* _Records shown_:
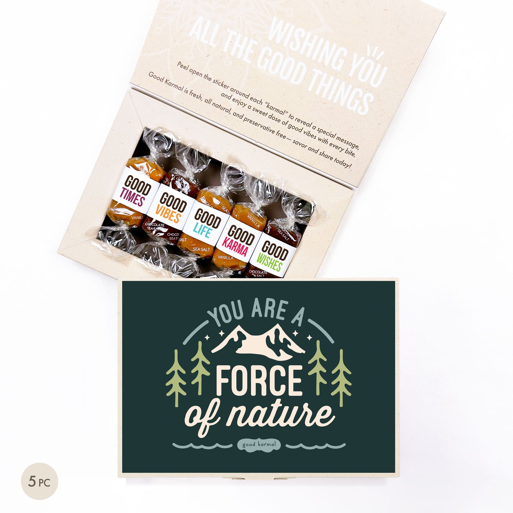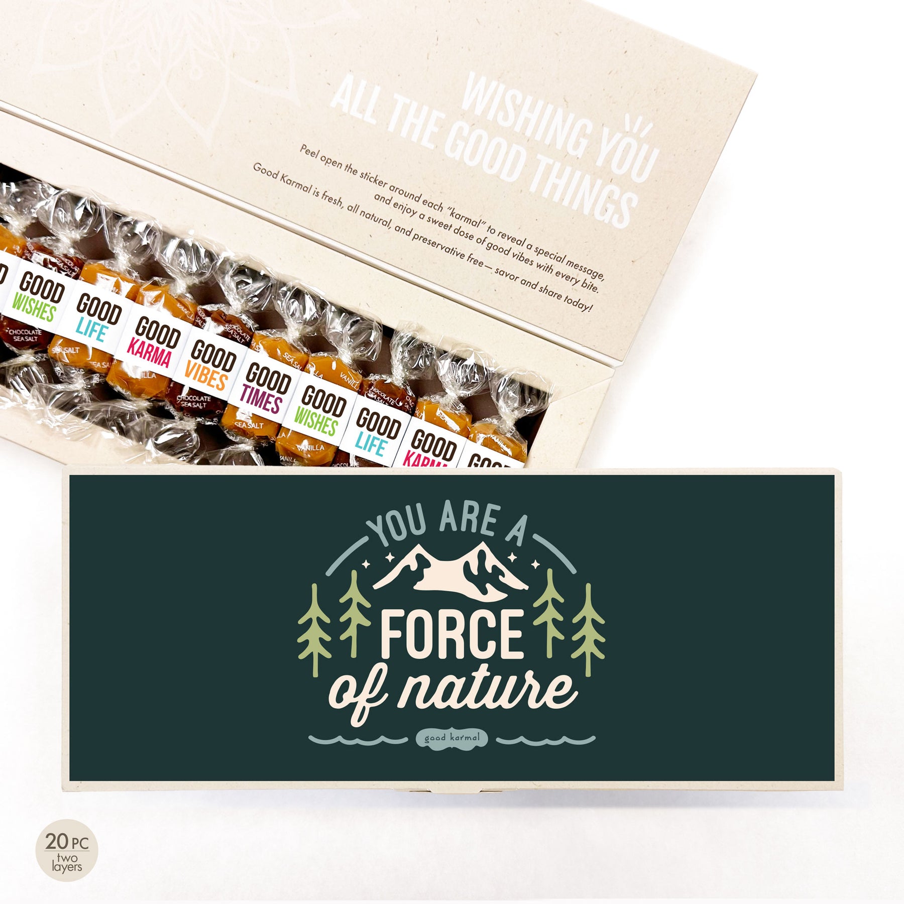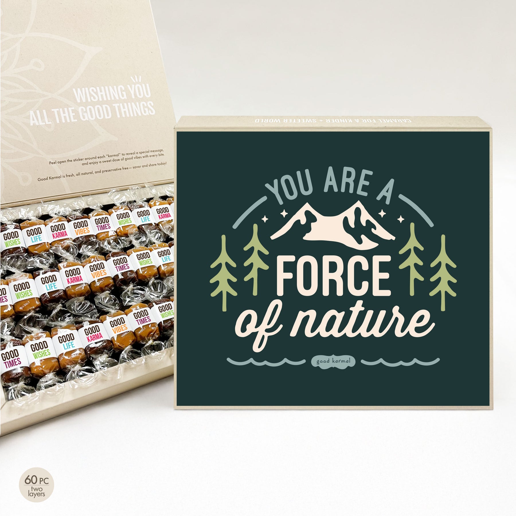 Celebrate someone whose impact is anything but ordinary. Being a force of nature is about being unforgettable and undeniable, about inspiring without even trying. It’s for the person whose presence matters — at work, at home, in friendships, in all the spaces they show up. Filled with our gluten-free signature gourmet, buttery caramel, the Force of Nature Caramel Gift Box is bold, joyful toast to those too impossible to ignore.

--

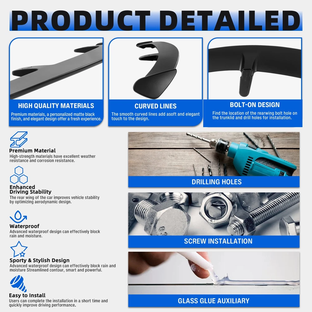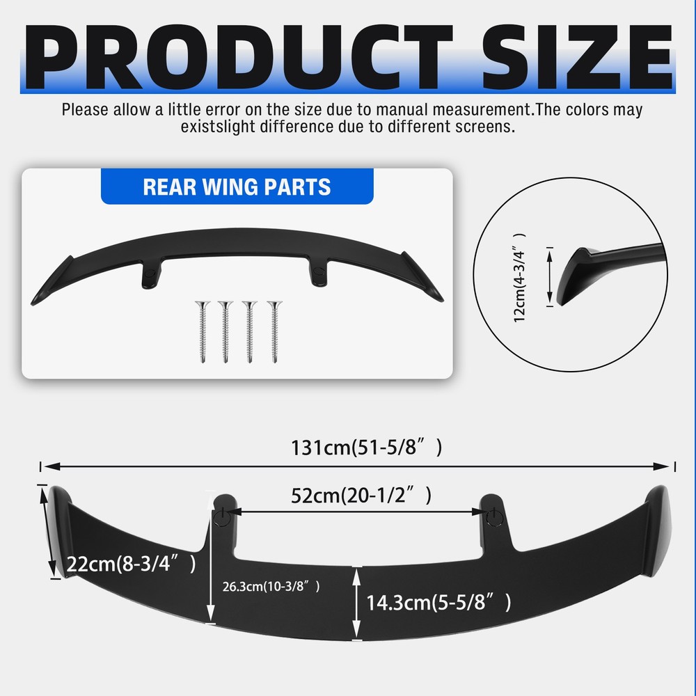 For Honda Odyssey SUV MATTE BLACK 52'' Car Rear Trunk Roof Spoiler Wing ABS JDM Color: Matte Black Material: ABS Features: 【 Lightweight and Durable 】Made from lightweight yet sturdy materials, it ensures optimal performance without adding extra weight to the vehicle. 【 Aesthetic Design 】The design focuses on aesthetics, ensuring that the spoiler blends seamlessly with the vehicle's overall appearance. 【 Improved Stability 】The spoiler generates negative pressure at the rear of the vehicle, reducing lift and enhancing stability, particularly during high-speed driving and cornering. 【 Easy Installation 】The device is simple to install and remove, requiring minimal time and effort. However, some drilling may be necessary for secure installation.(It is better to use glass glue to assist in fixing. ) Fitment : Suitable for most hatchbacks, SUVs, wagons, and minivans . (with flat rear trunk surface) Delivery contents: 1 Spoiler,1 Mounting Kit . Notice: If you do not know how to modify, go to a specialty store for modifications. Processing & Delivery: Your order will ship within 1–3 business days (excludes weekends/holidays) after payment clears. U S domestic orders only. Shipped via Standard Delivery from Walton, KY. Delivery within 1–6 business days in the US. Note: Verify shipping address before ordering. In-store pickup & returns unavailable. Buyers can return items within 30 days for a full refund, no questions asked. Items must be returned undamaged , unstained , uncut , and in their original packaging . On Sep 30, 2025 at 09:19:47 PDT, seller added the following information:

---

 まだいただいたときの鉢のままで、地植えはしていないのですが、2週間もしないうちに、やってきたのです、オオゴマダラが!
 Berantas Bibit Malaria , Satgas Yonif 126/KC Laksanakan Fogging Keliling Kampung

* _What you will do_:
From the records above, transcribe exactly the run of lines that opens with the line holding "まだいただいたときの鉢のまま" and closes with the line holding "Berantas Bibit Malaria", both included.

* _Answer area_:
 まだいただいたときの鉢のままで、地植えはしていないのですが、2週間もしないうちに、やってきたのです、オオゴマダラが!
 Berantas Bibit Malaria , Satgas Yonif 126/KC Laksanakan Fogging Keliling Kampung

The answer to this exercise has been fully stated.